The Delta National Wildlife Refuge headquarters is located about 80 miles south-east of New Orleans at the town of Venice, LA at the end of the Great River Road. The actual refuge is another seven miles south, near the mouth of the Mississippi River and can be reached only by boat. Since we are serving as volunteers here for a couple of weeks we can sometimes tag along with Fisheries and Wildlife (FWS) personnel when they make work trips. Even further south is the Pass a Loutre State Wildlife Area. Maintenance, enforcement, researchers and administrators can find a bunk there in a large home and visitor’s center. It is well-maintained and very remote. Personnel who commute every few days to this State Wildlife area dock their boats here at WFS headquarters. Consequently we have met and chatted with many of them so we are beginning to understand how this system works.
Serendipity is hooked up behind the Refuge headquarters about 30 yards from the edge of Grand Pass - a wide waterway into which some of the Mississippi River water flows to the Gulf. A half mile up the pass we can see ships traveling up and down the river. Grand Pass is one of the busiest waterways that we have seen anywhere along the Mississippi River. Diesel supply boats that supply the oil rigs out in the Gulf of Mexico dock here, load supplies, and ferry crews. A couple of heliports from which helicopters supply the oil rigs, add to the noise. Often we can see several supply boats passing by our front door simultaneously.

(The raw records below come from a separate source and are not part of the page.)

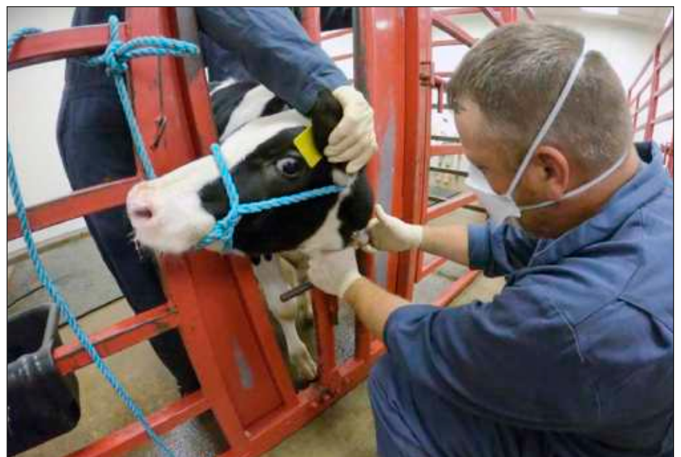
▲ Frente a millones de pájaros infectados y fallecidos a nivel mundial en las últimas dos décadas por H5N1, los casos en humanos siguen siendo raros, según la autoridad.

En general, "la OMS recomienda la vacunación a mujeres embarazadas, niños menores de cinco años, personas de más de 65, con condiciones médicas crónicas y trabajadores sanitarios", recordó Tedros, quien subrayó que muchos países ofrecen al mismo tiempo vacunación contra los virus de la gripe y Covid-19.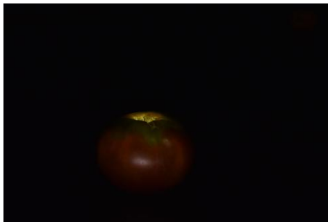
Nergal, dieu de l'enfer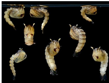
Gambar 2.4 Pupa Aedes aegypti http://eliminatedengue.com

Pupa nyamuk Aedes aegypti bentuk tubuhnya bengkok, dengan bagian kepala-dada (cephalothorax) lebih besar bila dibandingkan dengan bagian perutnya, sehingga tampak seperti tanda baca “koma”. Pada bagian punggung (dorsal) dada terdapat alat bernapas seperti terompet. Pada ruas perut ke-8 terdapat sepasang alat pengayuh yang berguna untuk berenang. Alat pengayuh tersebut berjumbai panjang dan bulu di nomor 7 pada ruas perut ke-8 tidak bercabang. Pupa tidak membutuhkan makanan sehingga disebut stadium istirahat ( Diapause ), tampak gerakannya pasif di dalam air. Waktu istirahat posisi pupa sejajar dengan bidang permukaan air (Soegijanto, 2006).

Every once in a while we hear the roaring of large diesel engines coming to fill their diesel tanks at the “filling station” behind our motorhome. The noise does not disturb us very much except in the middle of the night.
Interestingly, the wildlife seems to have adapted to the diesel fumes and the cacophony. Several brown pelicans frequent the pilings, waiting for the trash fish discarded from the shrimp catch. Stepping out of the door one night, I almost stepped on a large nutrea which casually loped across the yard and dove into the waters of the pass. Every evening, yellow-crowned night herons quarrel over the favorite hunting site on the top of a piling which overlooks the murky waters of the pass. Each morning boats stir up bait fish or something that attract the laughing gulls, herring gulls and least terns into a feeding frenzy.
On the other side of the motorhome is a small port occupied mostly by shrimp boats. On this same port is a dock with several slips used by the Fish and Wildlife Service. Thus on one side of this peninsula, on which we temporarily reside, is an almost steady flow of diesel supply boats and on the other there is a lesser flow of shrimp and FWS boats. Outside the west windows of Serendipity is a view of a large yacht owned by the Fish and Wildlife Service. It was confiscated from some drug smugglers who operated in the Gulf. When I mentioned that maybe we could borrow it for a quick trip to the Bahamas, my suggestions was met with only a grin. Oh well! We would probably have gotten a terrible sun burn on the Bahamian beaches anyway.